/*
 * Argus-5.0 Client Software. Tools to read, analyze and manage Argus data.
 * Copyright (c) 2000-2024 QoSient, LLC
 * All rights reserved.
 *
 * THE ACCOMPANYING PROGRAM IS PROPRIETARY SOFTWARE OF QoSIENT, LLC,
 * AND CANNOT BE USED, DISTRIBUTED, COPIED OR MODIFIED WITHOUT
 * EXPRESS PERMISSION OF QoSIENT, LLC.
 *
 * QOSIENT, LLC DISCLAIMS ALL WARRANTIES WITH REGARD TO THIS
 * SOFTWARE, INCLUDING ALL IMPLIED WARRANTIES OF MERCHANTABILITY
 * AND FITNESS, IN NO EVENT SHALL QOSIENT, LLC BE LIABLE FOR ANY
 * SPECIAL, INDIRECT OR CONSEQUENTIAL DAMAGES OR ANY DAMAGES
 * WHATSOEVER RESULTING FROM LOSS OF USE, DATA OR PROFITS, WHETHER
 * IN AN ACTION OF CONTRACT, NEGLIGENCE OR OTHER TORTIOUS ACTION,
 * ARISING OUT OF OR IN CONNECTION WITH THE USE OR PERFORMANCE OF
 * THIS SOFTWARE.
 *
 *  
 *  rarpwatch - extended arpwatch functionality driven by argus flow data
 *  
 *  Author: Carter Bullard carter@qosient.com
 */

/*
   Rarpwatch is designed to 'watch' arp traffic and to provide awareness of
   ethernet address resolution.  Because arp is used for a lot of basic
   functions, a lot can be 'learned' from passively listening for arps's
   on the local network.
 
   Classic arpwatch behavior consists of tracking solicited / unsolicited
   as well as directed and undirected arp requests and responses, to provide
   address resolution integrity, and is primarily used to detect arp poisoning
   within a network..
 
   However, so much more can be derived from passively monitoring arp traffic.

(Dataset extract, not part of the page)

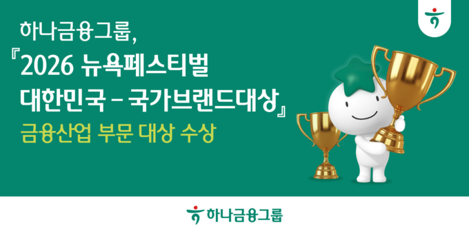 지이코노미 양하영 기자 | 하나금융그룹(회장 함영주)은 ‘2026 뉴욕페스티벌 대한민국 국가브랜드 대상(NYF K-NBA)’에서 「금융산업 부문 대상」을 수상했다고 밝혔다. 또한, 하나금융그룹의 관계사인 하나은행도 은행 부문 국가브랜드경쟁력지수(NCI) 1위에 선정되며, 그룹과 은행이 나란히 최고 수준의 브랜드 경쟁력을 인정받는 ‘더블 크라운’을 달성했다.

   rarpwatch can be aware of active ethernet addresses in the current LAN,
   their interest in Layer 3 addresses, the occurence of unsolicited reverse
   arps to test availability of addresses, all can provide discovery information
   for the specific LAN that the sensor has visibility to.
 
   With multi-host, multi-probe correlation, broadcast domains can be tracked,
   cliques can be determined for network context identification, and LAN
   defintiion / segmentation can be realized, in addition to simple mpc
   functions, such as time synchronization.
 
   The primary thing for rarpwatch.1 is to track ethernet / IP address
   assignments.  When argus resides in an end system, tracking all the arp
   traffic allows one to track the state of the hosts interface configuration
   (arp is used to test the availability of the IP address assigned to a
   given interface), and to understand how local Layer 3 addresses are mapped
   to active Layer 2 addresses in the LAN.  In dynamic DHCP based networks,
   we can assume that mappings change, and so coupling an awareness of DHCP
   and ARP traffic can provide an awareness of dynamism in a LAN, especially
   for mobile end systems.
 
   In untrusted networks, one should anticipate that arp can be used to spoof
   systems into forwarding packets to inappropriate nodes, or to present
   fabricated LAN profiles to an attached end system to modify its security
   stance.
 
   One of the design goals of rarpwatch.1, is to be able to identify and
   track attachment to foriegn LANs, especially for laptops and  mobile end
   systems.  Ideally, this would provide LAN identifiation, with wireless
   SSID and BSSID identifiers if availabile, entity inventory, IP address
   assignement determination (DHCP mediated static addressing ???) router
   identification, and possible correlation with local routing tables.
 
   These goals provide the situational awareness needed to discriminate
   changes in Layer 2 and Layer 3 associations and to provide classification
   into familiar/unfamiliar, friendly and unfriendly behavior.
*/